Neal A Maxwell said, “There are no perfect families, either in the world or in the Church, but there are many good families. My spiritual applause also goes to those heroic parents—left alone by death or divorce—who are righteously and “anxiously engaged” in nurturing and providing for their families, often against such heavy odds.”2
These last days are “heavy odds”, single parenting or not. Jodi Hildebrandt taught me about “surrendering”. Surrendering means stopping the emotional rollercoaster over other’s (or your) choices, actions, words or your ideas of perfectionism. Accept that person will not change, doesn’t want to be with you, or will continue on their destructive path. You also have to forgive yourself if you have repented and move on.
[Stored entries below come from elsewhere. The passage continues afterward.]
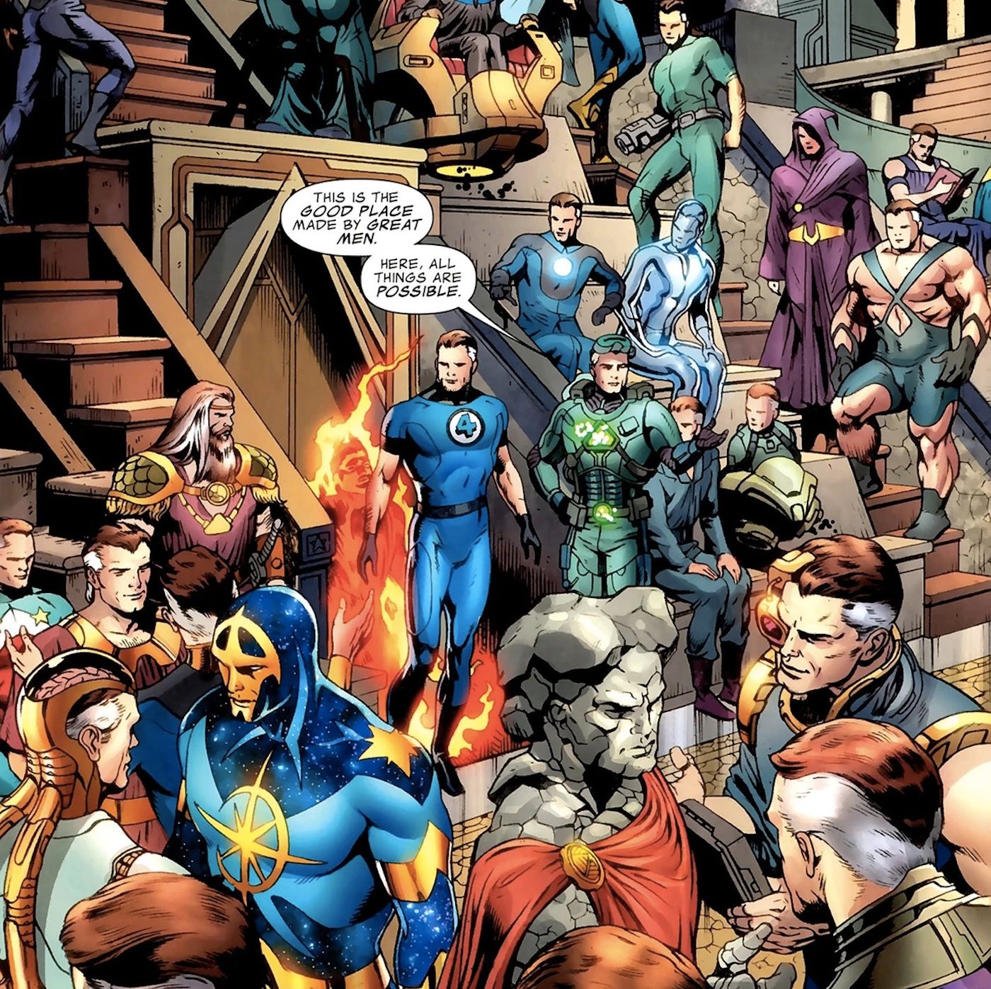 La reunión definitiva de los hombres más inteligentes del multiverso, el El Consejo Interdimensional de Juncos es un club exclusivo formado por las variantes más inteligentes de Mr. Fantastic que trabajan juntas para resolver problemas a nivel multiverso. El consejo, debutando en 2009 Cuatro Fantásticos #570 por Jonathan Hickman y Dale Eaglesham, originalmente consta de tres variantes de Reed Richards que tienen sus propios Infinity Gauntlets. Con el poder ilimitado de las Infinity Gems, los tres Reed reúnen al resto de sus contrapartes de todo el multiverso y se esfuerzan por arreglar el multiverso a su manera. Aunque los Reed tienen que lidiar con dejar atrás sus mundos y familias, llegan a un compromiso utilizando insignias de clonación especiales para dejar duplicados en sus universos de origen. Aunque es un equipo divisivo dentro del Universo Marvel, el Consejo de Reeds está a la altura de su reputación como el equipo más inteligente del multiverso.
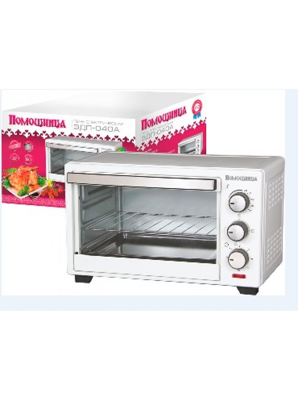 Печь электрическая Помощница ЭД-040A (Объем 40л, Мощность 1600Вт, Таймер на 60 минут, 4 нагревательных элемента из нержавеющей стали, отдельная панель управления, квадратный противни, решетка. Размеры 426х573х386 мм
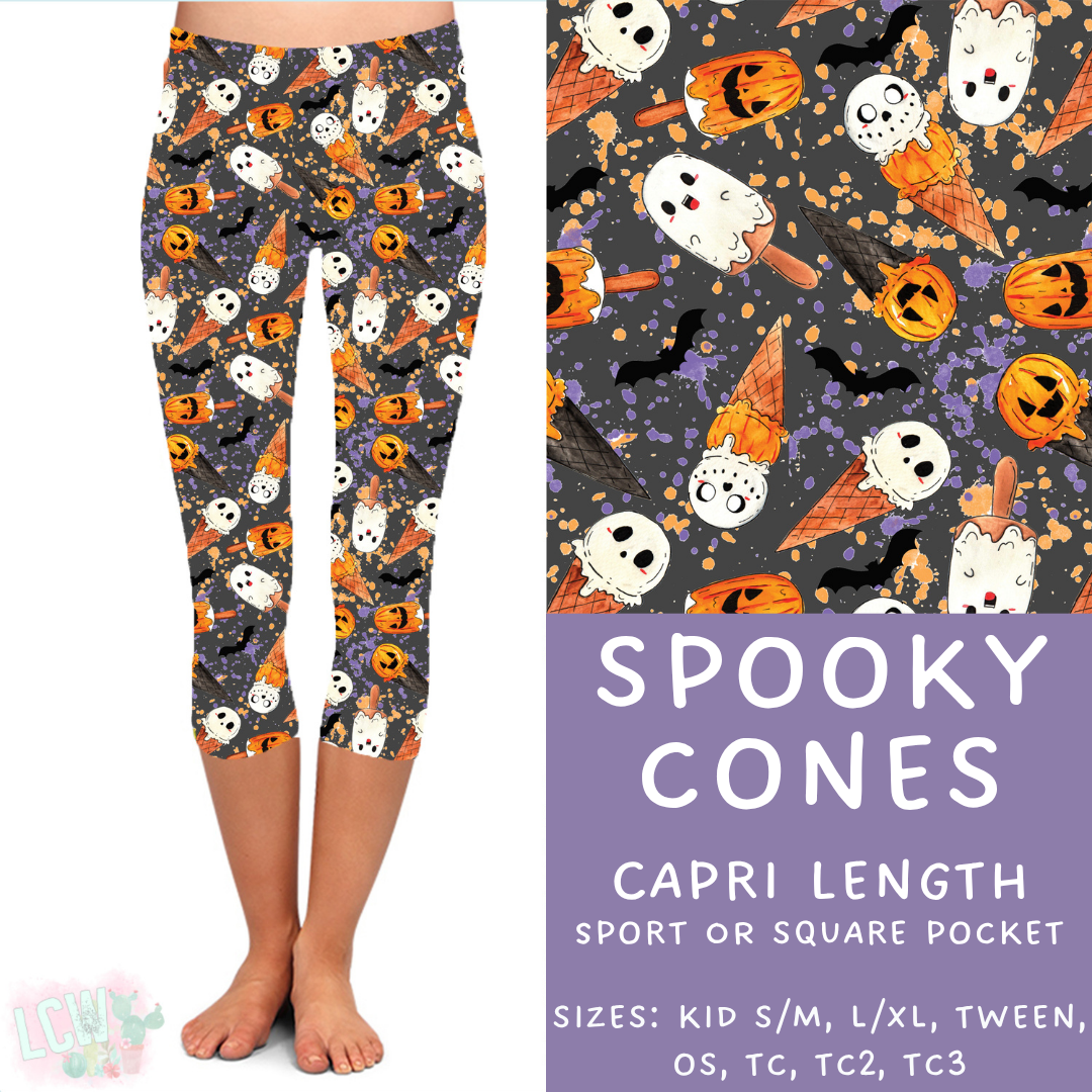 Ready to Ship - Spooky Cones Capri Length Leggings - OS Sport Pocket & TC2 Square Pocket

Figure out what the truth is and keep repeating that phrase to yourself. Jodi teaches that if you can’t do the above exercise, you are creating optional pain for yourself. The other day I was fussing out loud about something and my son said, “Optional pain, Mom”. It’s true. He stopped me in my tracks. When I have wrestled and chosen to surrender and also turn it over to the Savior when something is extra hard, peace comes. Choose peace, not perfection. What are some perfections/false beliefs in your family that you have surrendered?